A Low Component Count Series Voltage Compensation Scheme for DFIG WTs to Enhance Fault Ride-Through Capability

Abstract

Fault ride-through (FRT) operation has been a challenge for the doubly fed induction generator (DFIG) based wind turbines (WTs) as the stator winding is directly connected to the grid. Additionally, several grid codes have been established for the grid interconnection of WTs, which demand the WT to stay connected and provide the predefined reactive current support to the grid during FRT operation. The series voltage compensation (SeVC) based FRT schemes for DFIG WTs outperforms all others in terms of smooth transient performance. However, such FRT schemes require an additional voltage-source converter (VSC) and a bulkier series transformer to provide the SeVC. This paper proposes a low component count SeVC scheme that is applicable to both individual WTs and wind parks to cope up with the recent grid codes requirements.

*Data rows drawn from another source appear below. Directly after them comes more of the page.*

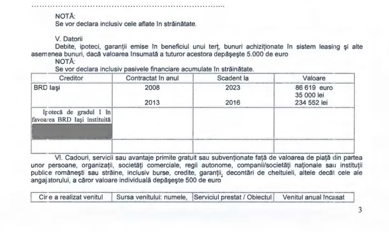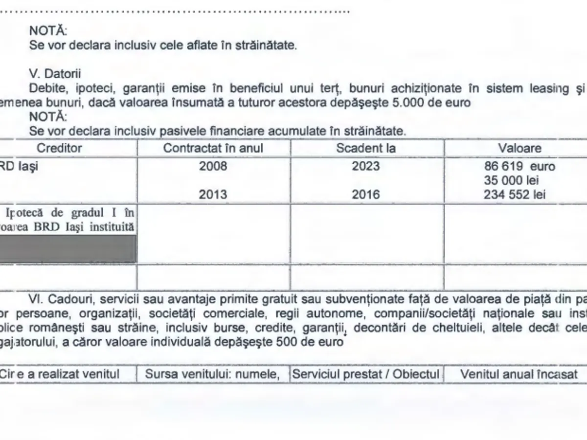 În declarația de avere din 2016 (care se referă la operațiunile financiare de până la finalul lui 2015), împrumutul nici măcar nu mai apare.
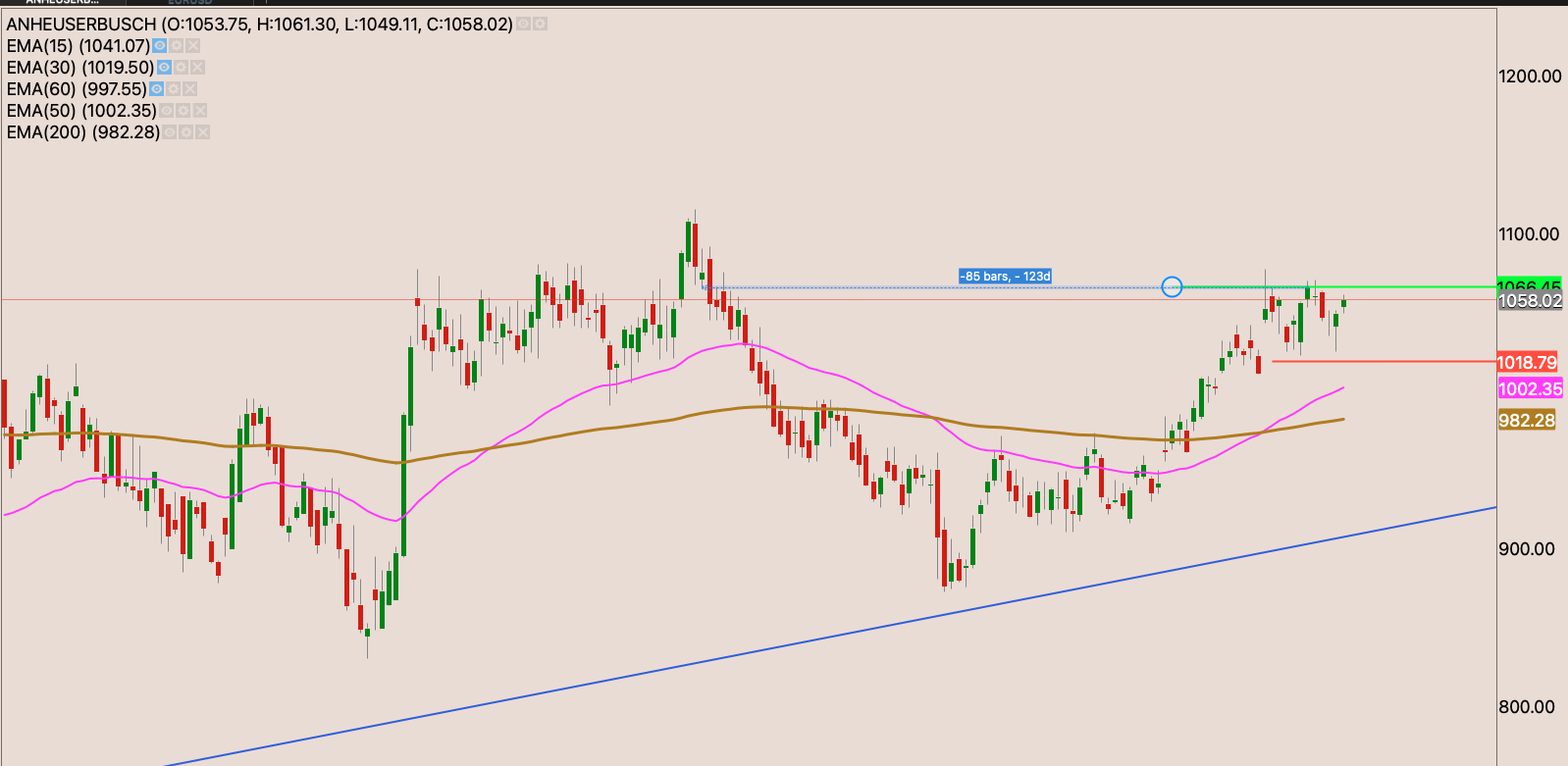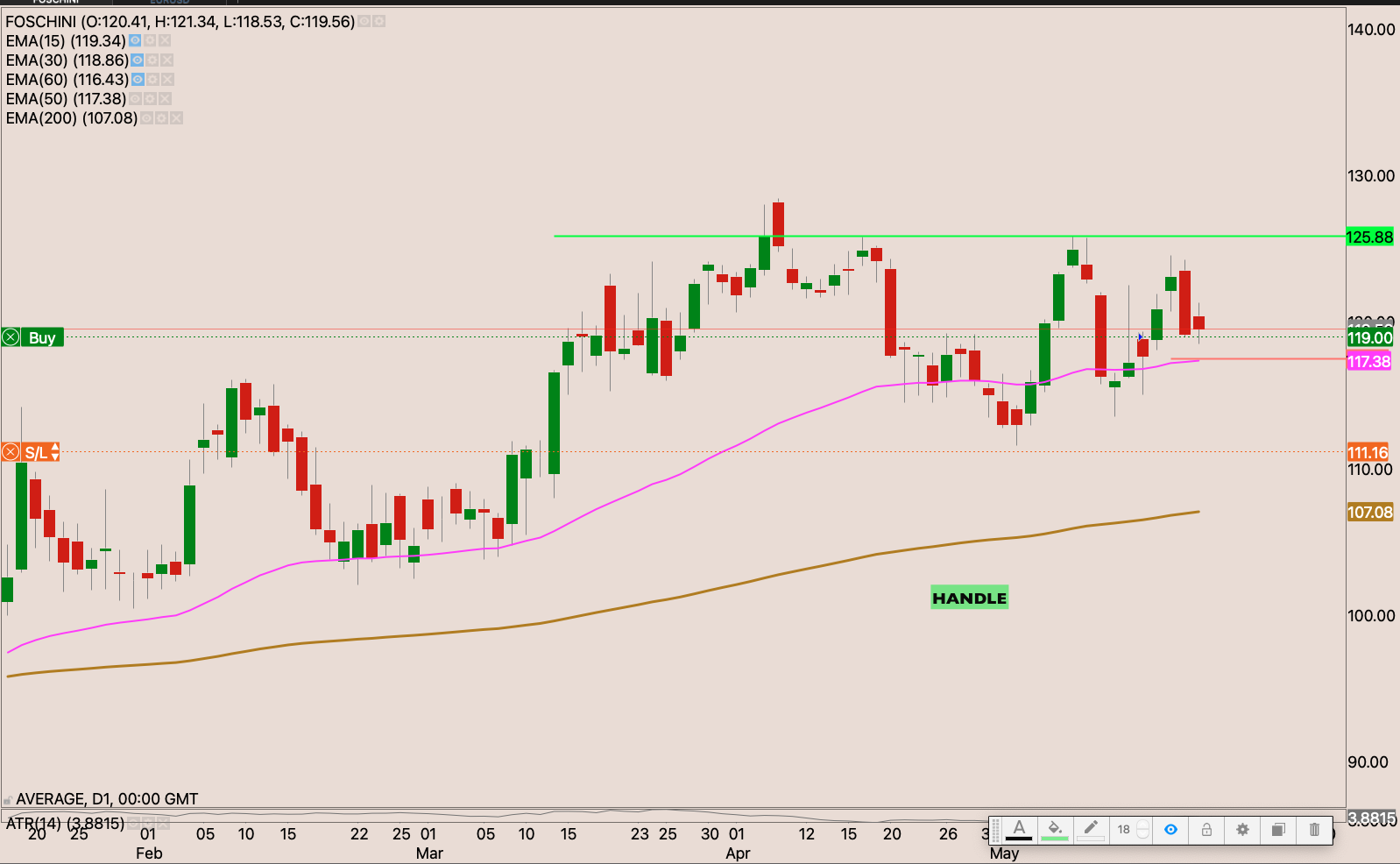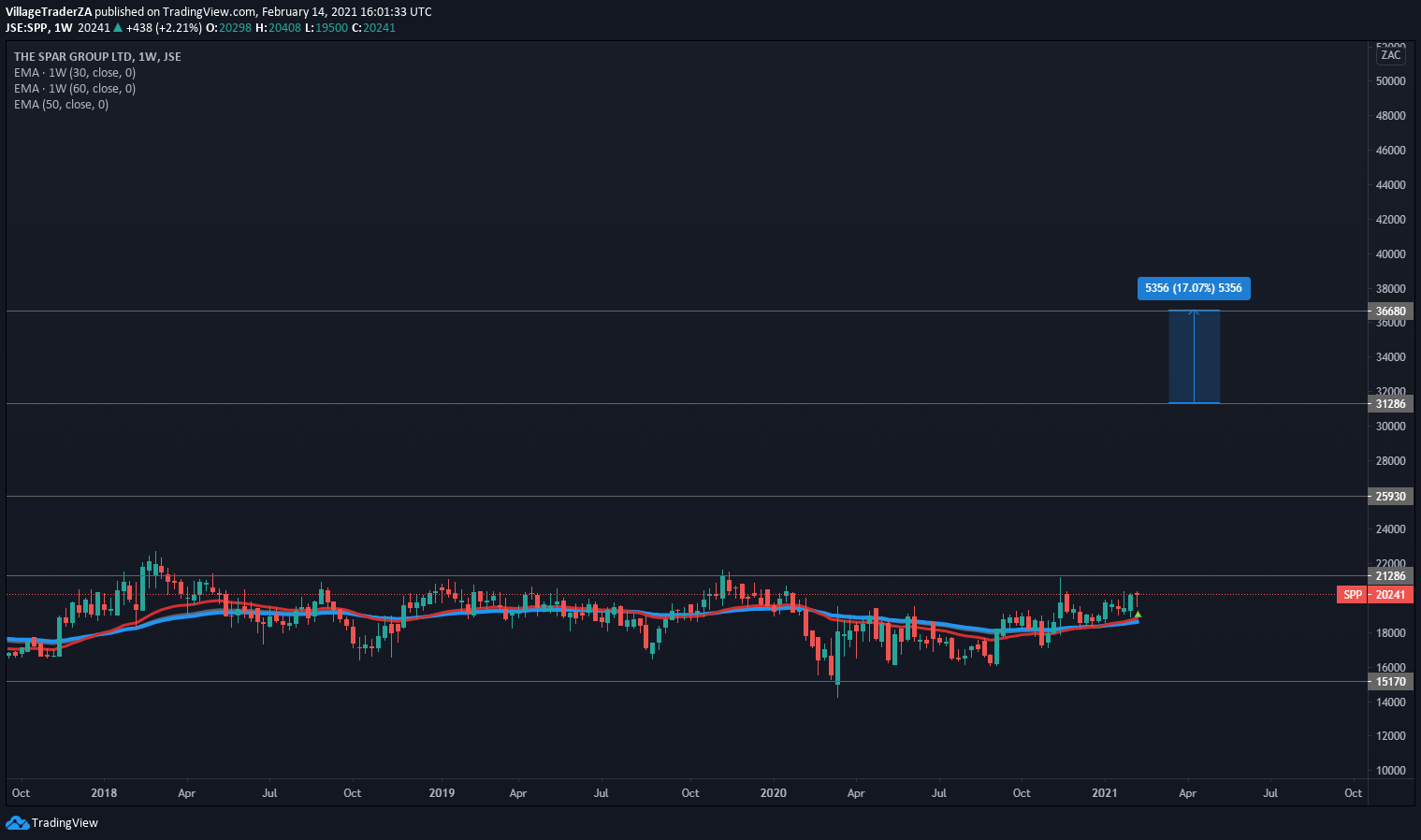 The stock had a -10% correction to the 50 day EMA repelling from it almost as if they were magnets both showing each other the same magnetic pole. If the stock breaks above R133.65 making a new 52 week high close. I will raise my stop loss to R118.20 and add to the position.
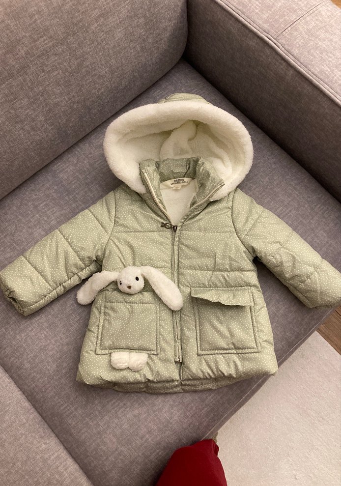 Kapüşonlu, içi kürklü yeşil kız bebek montu, nakış detaylı ve ön ceplerinden biri tavşan figürlü. Yumuşak ve sıcak kumaştan yapılmıştır.
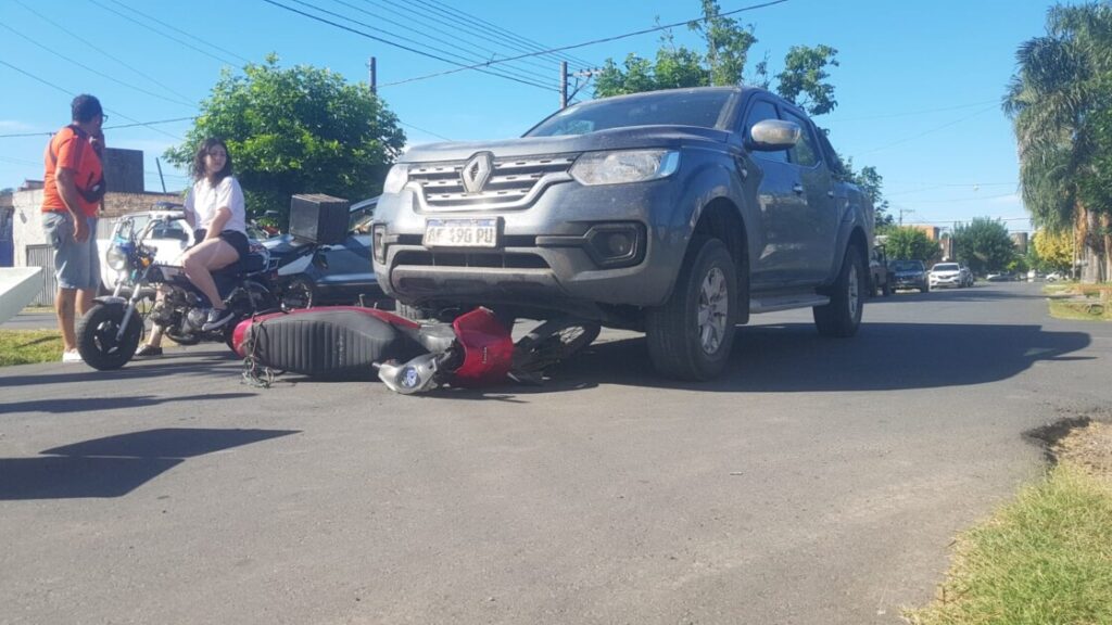 Un mensajero resultó herido y fue llevado al hospital. El accidente involucró a una camioneta Renault, conducida por un adulto, que impactó con una motocicleta de 110 cc operada por un joven mensajero.

The proposed configuration eliminates the need of a series transformer and an additional VSC for the SeVC operation with the use of three additional IGBTs/switches. Furthermore, a coordinated control strategy is proposed to control the WT that enhance its FRT capabilities. The proposed low component count FRT scheme and coordinated control strategy are validated using the detailed mathematical modeling and simulation of 1.5 MW DFIG WT.